Does anyone no if any company makes a software upgrades for an 09 jetta? i was on awe's, and aprs website and it seems like they only do from 2005-2008.. im not sure if there is much difference between a year with the computers. i was going to call one or the other tomorrow to see but i figured someone might have some kind of information on here..

thanks!


----------



## thygreyt (Jun 7, 2009)

unitronic! 

i have a stage 2 and i LOVE IT.

www.unitronic-chipped.com


----------



## LampyB (Apr 2, 2007)

not sure if C2 has the 09+ tune out yet, might want to check them out.


----------



## A.k.A Funky Chicken (Oct 11, 2011)

thygreyt said:


> unitronic!
> 
> i have a stage 2 and i LOVE IT.
> 
> www.unitronic-chipped.com


i just checked that out, thats pretty awesome! ill be getting an exhaust and intake around christmas, so stage 2 might be in the near near future! did you have any problems with coils blowing when you got it flashed?


----------



## Laser04 (May 25, 2006)

thygreyt said:


> unitronic!
> 
> i have a stage 2 and i LOVE IT.
> 
> www.unitronic-chipped.com


Came to post this. Left satisfied. And I don't even have it yet. Got my catback today so once that's installed.... need to buy some tools, deep socket, 4 jack stands, and a low profile jack. Thank god my grandpa has the tool to cut through the stock exhaust. 

So the flash is coming next time I put 93 in my gas tank lulz. Thygreyt... one night, the Unitronic website had the stage 2 upgrade... next night it was gone. Only stage 1 and 1+... you know the deal? Whtever being low on funds gives me more time to decide stage 1+ or 2 (if its still available)


----------



## A.k.A Funky Chicken (Oct 11, 2011)

now i just have to figure out where i can go to get it flashed.. there is 2 places semi close to where i live.. gotta start making some phone calls!


----------



## thygreyt (Jun 7, 2009)

A.k.A Funky Chicken said:


> i just checked that out, thats pretty awesome! ill be getting an exhaust and intake around christmas, so stage 2 might be in the near near future! did you have any problems with coils blowing when you got it flashed?

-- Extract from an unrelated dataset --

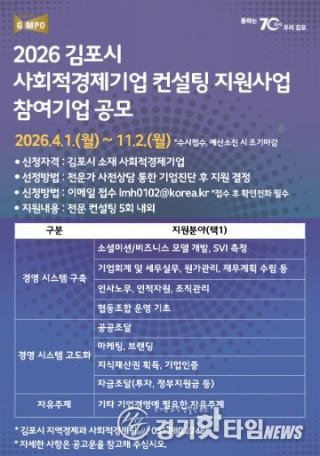 [경기핫타임뉴스=김형철 기자] 김포시가 관내 사회적경제기업의 지속 가능한 성장과 자생력 강화를 위해 ‘사회적경제기업 역량강화 컨설팅 지원사업’ 참여기업을 오는 11월까지 수시 모집한다.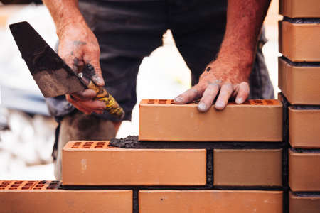 Bricklayer masonry installing red bricks in a new wall under construction.

no, i havent had any issues... but, why would coils blow anyways?



Laser04 said:


> Came to post this. Left satisfied. And I don't even have it yet. Got my catback today so once that's installed.... need to buy some tools, deep socket, 4 jack stands, and a low profile jack. Thank god my grandpa has the tool to cut through the stock exhaust.
> 
> So the flash is coming next time I put 93 in my gas tank lulz. Thygreyt... one night, the Unitronic website had the stage 2 upgrade... next night it was gone. Only stage 1 and 1+... you know the deal? Whtever being low on funds gives me more time to decide stage 1+ or 2 (if its still available)

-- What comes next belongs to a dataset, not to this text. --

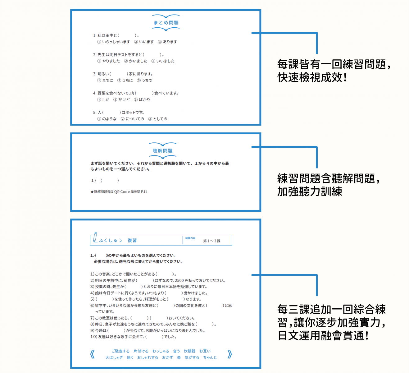 每課結尾皆附有「まとめ問題」與聽力練習題,供學生立即檢視學習成果。每3課再增加一回「總復習」,特別針對這幾課所收錄之精華文法,提供最完整的綜合練習。練習題數多、題型豐富、內容多元!

lol, stage 2 is available... i just went in and checked. best way to be ABSOLUTELY sure is to check with the dealer.


----------



## A.k.A Funky Chicken (Oct 11, 2011)

well i no coils on 2.0t and 1.8 where known to blow after being chipped because it was putting more stress on them and it was picking the weakest one out and it was blowing them. i was talking to my friend about it tonight but he said 2.5 would be less likely to go because its not changing boost or anything like that


----------



## jaja123 (Jan 17, 2011)

well there is no boost lol. the 1.8 and 2.0 turbo's make considerably more with a chip because of the increased boost. Coils should not be a problem. Our 2.5's will not benefit as much its around 10hp and 15tq increase.


----------



## lessthanalex (Oct 12, 2009)

Drivability on chipped 2.5's is the biggest difference you'll see. Stage 2 will allow you to spin tires pretty freely, it's awesome! Header/high flow cat/exhaust and you'll be make some really nice power! Been on Stage two for a year and a half now and have never regretted it.

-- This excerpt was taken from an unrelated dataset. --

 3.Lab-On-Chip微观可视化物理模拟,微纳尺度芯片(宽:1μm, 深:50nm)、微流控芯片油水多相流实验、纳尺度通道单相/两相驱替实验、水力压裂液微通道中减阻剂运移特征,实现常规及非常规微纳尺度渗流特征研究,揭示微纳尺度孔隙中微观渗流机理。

When I got my 05.5 chipped Unitronic didn't have a file cause no one had ever got the same ECU as mine chipped with them so my dealer called them up, and within 45 min they had rewritten and adapted the file so it would work for my car.

:thumbup::thumbup:


----------



## 60volkswagen (Oct 23, 2011)

Im torn between the C2 flash and the GIAC flash....which one is better??


----------



## thygreyt (Jun 7, 2009)

60volkswagen said:


> Im torn between the C2 flash and the GIAC flash....which one is better??


unitronic


----------



## jaja123 (Jan 17, 2011)

dont wanna drop 600 on unitronic though and someone said the dealer overwrites it when you take it in.


----------



## zevion (Oct 23, 2009)

thygreyt said:


> unitronic


I agree UM is best. :laugh:


----------



## tchilds (Nov 21, 2008)

UM is trying to get my car in for an 09+ tune but no idea when this will happen


----------



## lessthanalex (Oct 12, 2009)

To be honest, I think Ispeak for many of us when I say, don't get Revo or GIAC, they have offered little or no support to the "developing" 2.5L aftermarket community. Even APR has limited support if you want to get an updated file for headers/hiflow/exhaust.

In my opinion, go with C2, Unitronic, or United Motorsport. Three companies who actually are developing with the market, not just releasing a tune and disappearing.

It almost pains me to say it, but I hope Unitronic doesn't head that way, as we haven't seen or heard much from them on new files for the intake manis that are being released. I still have faith that they will come through though, so until I get my own IM, I'm not gonna be one to point fingers at what they are or aren't doing.


----------



## A.k.A Funky Chicken (Oct 11, 2011)

ok so if i go stage 2 with unitronics do u absolutely need headers / high flow cat? ill have a new exhaust and intake and thats what they say you should have for stage 2, i just didnt know if it would cause any harm or anything like that.


----------



## thygreyt (Jun 7, 2009)

if thats what it says, thats what you do!


----------



## lessthanalex (Oct 12, 2009)

Remember that C2 also offers different "add-ons" that you can put to "customize" the file to your modifications. Just something to think about. 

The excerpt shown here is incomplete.